SOURCE RECORDS below:

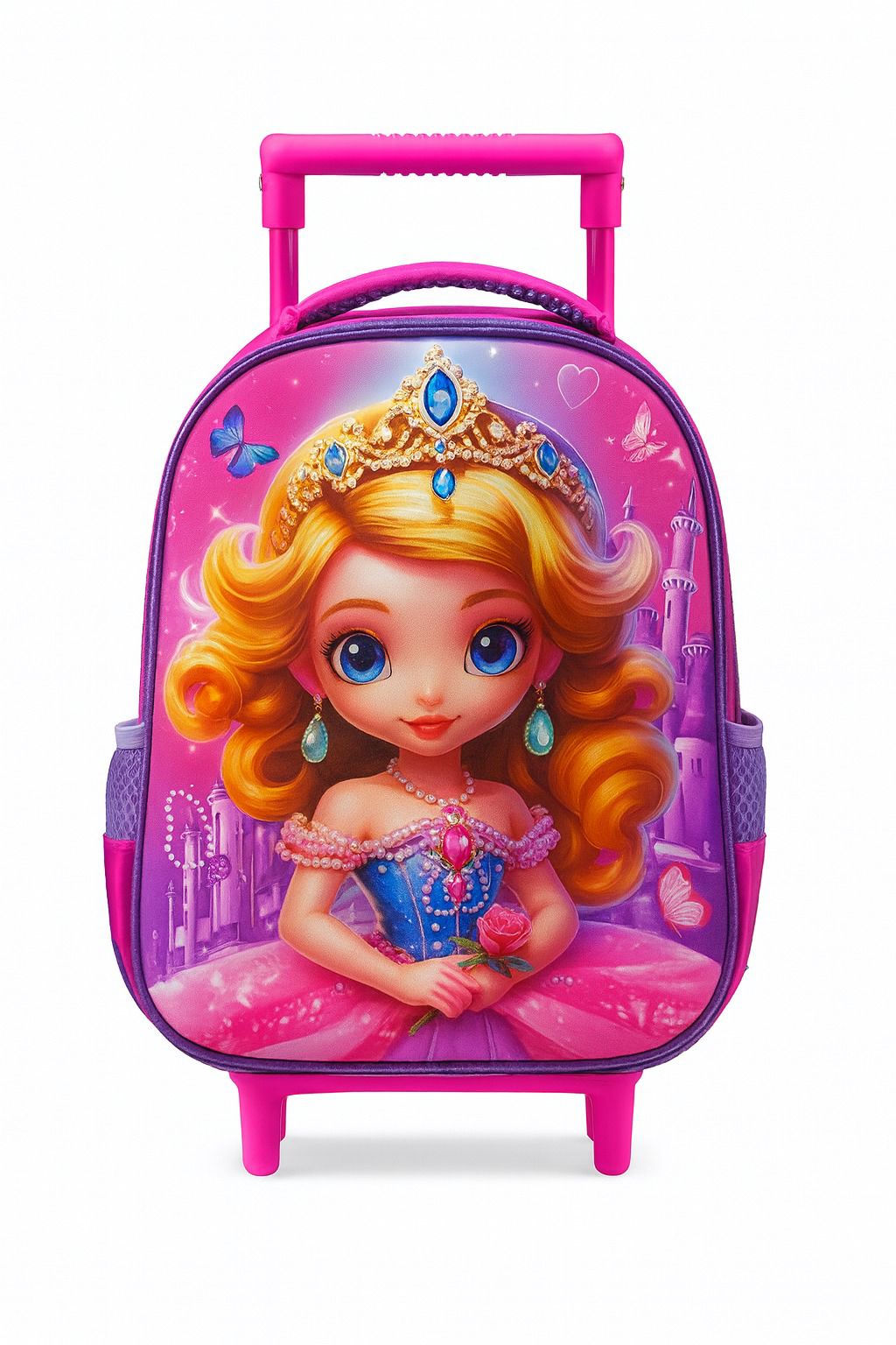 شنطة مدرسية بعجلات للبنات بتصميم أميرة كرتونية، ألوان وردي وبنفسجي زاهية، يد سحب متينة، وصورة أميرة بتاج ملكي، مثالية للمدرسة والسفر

End of SOURCE RECORDS.
SOURCE RECORDS below:

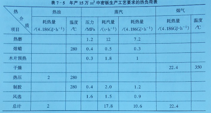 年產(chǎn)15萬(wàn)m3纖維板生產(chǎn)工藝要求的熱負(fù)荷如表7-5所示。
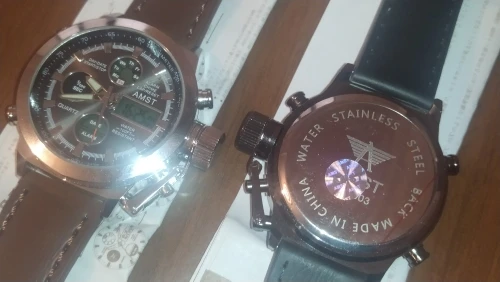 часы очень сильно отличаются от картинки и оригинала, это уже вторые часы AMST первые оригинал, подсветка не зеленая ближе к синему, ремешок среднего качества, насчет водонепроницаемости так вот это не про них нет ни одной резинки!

End of SOURCE RECORDS.

Here the job is to copy the listing above word for word, starting at the line with "年產(chǎn)15萬(wà" and ending at the line with "часы очень сильно", and to leave out the pictures.

YOUR RESPONSE:
 年產(chǎn)15萬(wàn)m3纖維板生產(chǎn)工藝要求的熱負(fù)荷如表7-5所示。
 часы очень сильно отличаются от картинки и оригинала, это уже вторые часы AMST первые оригинал, подсветка не зеленая ближе к синему, ремешок среднего качества, насчет водонепроницаемости так вот это не про них нет ни одной резинки!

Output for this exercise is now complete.